His demonstration was in *support *of his assertion. And so did not demonstrate enough.

Gavagai!

I have read that the number of intestinal fauna that you’ll have in your guts over the course of your life is greater than the number of human beings who have ever lived. Most of you, of course, is not actually you. You don’t even fart your own farts; you outsource that.

It demonstrated the minimum necessary to support the claim. That is sufficient.

This is only true on terms of cell count. In terms of biomass, it’s not even close. Unless, by “you” you mean the mind, in which case all of your mass isn’t you. Or something.

Well, I think the cite I read was including, say, mitochondria.

When I was 8 or 9, our family was at my favorite swimming pool. I was tooling around with my face half in the water - my eyes were just above water level. Everything looked so neat from that perspective, that I wished my parents could see it. And then it hit me - they don’t have my eyes in my head, so they’ll never see anything exactly the same way as I do. Whoa. As I grew older, that realization expanded to my thoughts and feelings as well. Not one other person will ever see things exactly the way I do. Mind-blowing to a kid.

I see your point. Oh wait…

Don’t fret, a lot of really deep things like that are right-brained spacial rather than left-brain verbal (God the father vs. Logos the Son??). The best art is for example.

I don’t understand your point of saying this. My post was meant to demonstrate that average <> median but it looks like you are trying to tell me the same thing.

I was demonstrating how the average could be less than 2. Had I included people without legs that would only drop the average even further. If you really wanted to correct me, you would need to point out that I hadn’t included people with 4 or more legs as they would raise the average. In short, no I didn’t include every count of legs and then do a weighted average. But pointing out that I didn’t include a group that would only strengthen the original claim seems strange to me.

Two things. First, it wasn’t my assertion. Once again, I was merely demonstrating how it is possible. Second, see above. If I didn’t demonstrate enough because I didn’t include all counts of legs, why in the world would you point out the group that would only strengthen the original assertion?

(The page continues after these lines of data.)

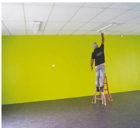
Réfection du sol et des peintures dans la salle polyvalente
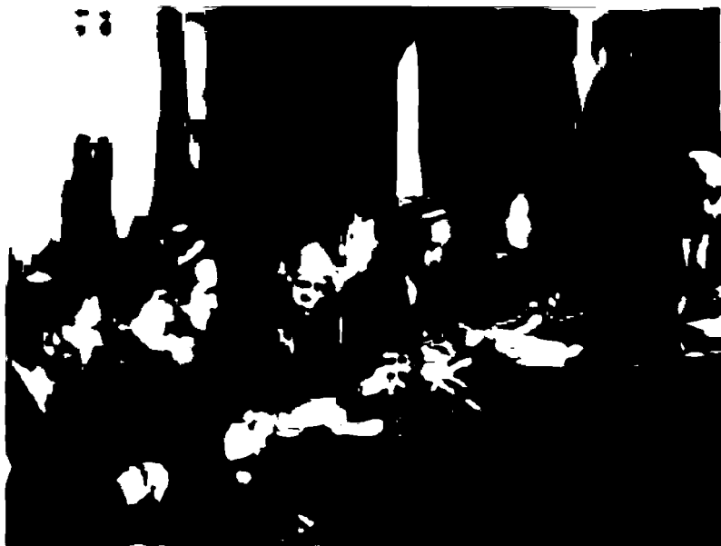
Бобур таваллудининг 510 йиллигини нишонлаш комиссиясининг йиғилиши.
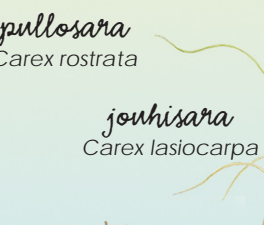
jouhisara Carex lasiocarpa
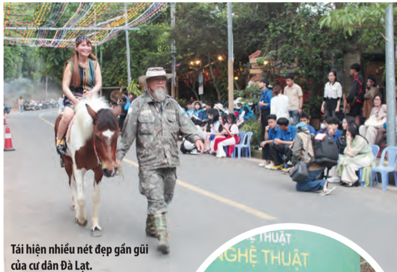
Tái hiện nhiều nét đẹp gắn gũi của cư dân Đà Lạt.

diễn âm nhạc, biểu diễn thời trang đường phố, cuộc thi âm nhạc, trình diễn nghi thức đội theo chủ đề, diễn tấu công chiêng, múa xoang, trình diễn nghệ thuật đường phố, trình diễn những bài ca về Đà Lạt, tham quan các tác phẩm nhiếp ảnh, điêu khắc, hiện vật văn hóa các dân tộc Tây Nguyên, thưởng lãm không gian nghệ thuật sắp đặt, tọa đàm giao lưu với các nghệ sĩ thành danh trên cả nước.
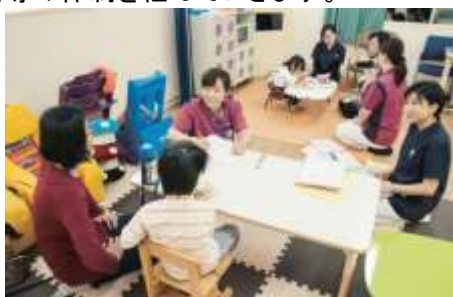
摂食指導室での様子
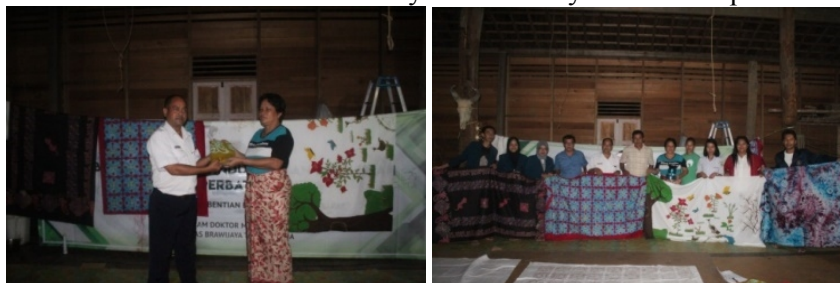
Gambar 7. Antusiasme pemerintah setempat dan masyarakat dalam pembuatan produk batik motif dayak
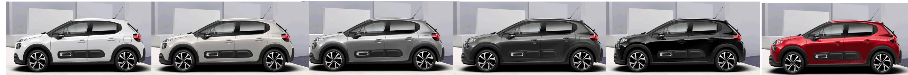
Blanc Banquise Sable Gris Acier Gris Platinium Noir Perla Rouge Elixir

Покрив и черупки на огледалата в цвят Noir Perla Nera
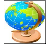
消防本部の位置 東経130° 31' 08" 北緯 33° 19' 13"
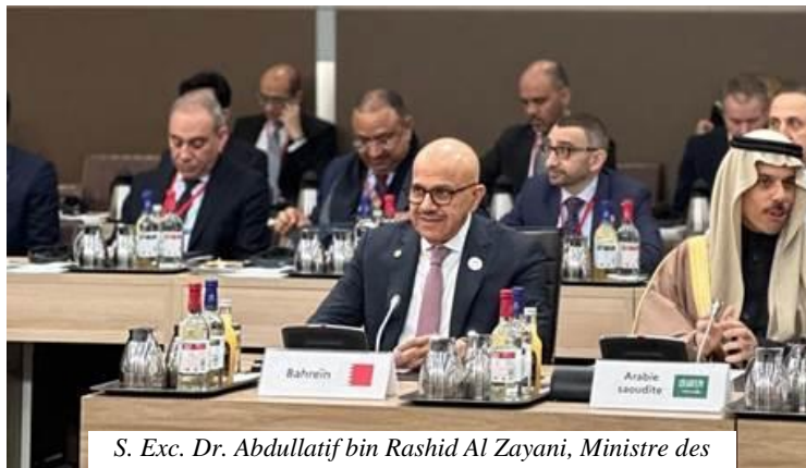
S. Exc. Dr. Abdullatif bin Rashid Al Zayani, Ministre des Affaires étrangères du Royaume
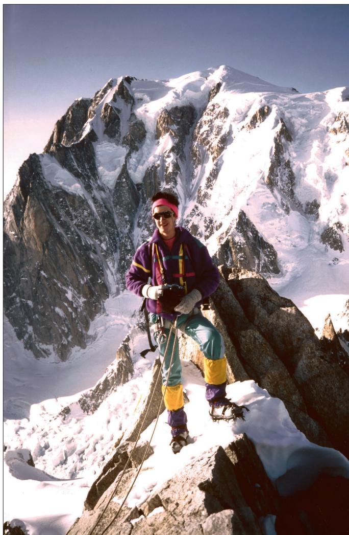
Au sommet de la Tour Ronde, un 4 janvier, après une montée par le couloir Gervasutti.

To die before my last two years of life? Sure, once I get the paradox worked out. :slight_smile:

Yeah I’m not getting how an example given to explain a point is suddenly required to include every possible scenario of the real situation the example is being used to explain.

How many people are needed so you can live an average day. Everyone that has anything to do with getting your food, furniture, houses, roads, cars, computers, clothes, etc. etc. etc. Must be over 10 million when you think about it.

My eye-opening realization: that both of my daughters, now ages 1 and 3, are not as far removed from their freshman years of college as I am. :eek:

This and the realization of just how far most of us are from being able to forage for ourselves should something devastating happen to interrupt the food supply.

Along similar lines:

Practically everything man-made you see was the result of someone somewhere sometime sitting down and designing it. Or at least specced it out (like the dimensions of an asphalt parking lot). And then someone had to put it together. Everything from buildings to cars to paper clips to q-tips to thumbtacks to bicycles to airplanes to shoelaces to belts to…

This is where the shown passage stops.